Anything that provokes and inflammatory response can cause a "disease," and with AA in your cells symptoms are greatly enhanced, for example:

Am Rev Respir Dis. 1985 Apr;131(4):624-32.

Production of arachidonic acid metabolites by macrophages exposed in vitro to asbestos, carbonyl iron particles, or calcium ionophore.

Kouzan S, Brody AR, Nettesheim P, Eling T.

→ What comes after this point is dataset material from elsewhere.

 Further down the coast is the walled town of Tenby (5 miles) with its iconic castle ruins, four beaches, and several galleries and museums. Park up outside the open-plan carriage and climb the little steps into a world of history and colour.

"Consequent to asbestos deposition, alveolar macrophages (AM) accumulate at alveolar duct bifurcations where they phagocytize fibers. Because phagocytosis can stimulate the release of arachidonic acid (AA) metabolites, the possibility that secretion of these powerful mediators of inflammation might be induced by chrysotile asbestos was investigated in vitro. Rat AM were treated in vitro with chrysotile asbestos, and the cyclooxygenase products--prostaglandins, thromboxane B2 (TXB2), 12-hydroxy-5,8,10-heptadecatrienoic acid (HHT)--and lipoxygenase products--leukotrienes (LT), hydroxyeicosatetraenoic acids (HETE)--secreted in the medium were isolated by high-performance liquid chromatography. Composition of the AA metabolites released was compared with that from those stimulated by the calcium ionophore A 23187 (20 microM) and by another particulate phagocytic stimulus, i.e., carbonyl iron beads. Calcium ionophore stimulation induced a marked release of various AA metabolites in the medium from both the cyclooxygenase pathway (HHT, TXB2, and PGE2, in decreasing quantities, respectively) and the lipoxygenase pathway (LTB4, 5-HETE, 12-HETE, and LTC4). The major product was LTB4. Treatment of the macrophages with asbestos fibers induced the release of a similar array of AA metabolites, although there were smaller amounts of LTC4 and 12-HETE, but increased quantities of PGF2 alpha. A time course study showed a steady increase in metabolite production for 1 h, followed by a plateau. In addition, the amount of metabolites released was dependent on asbestos concentrations. Phagocytosis of iron beads induced the secretion of the same metabolites as asbestos stimulation, but in larger quantities, probably reflecting the lack of cytotoxicity of the particle..."

Note that LTB4 seems to be doing most of the damage in this "disease," and that Mead acid cannot be made into LTB4.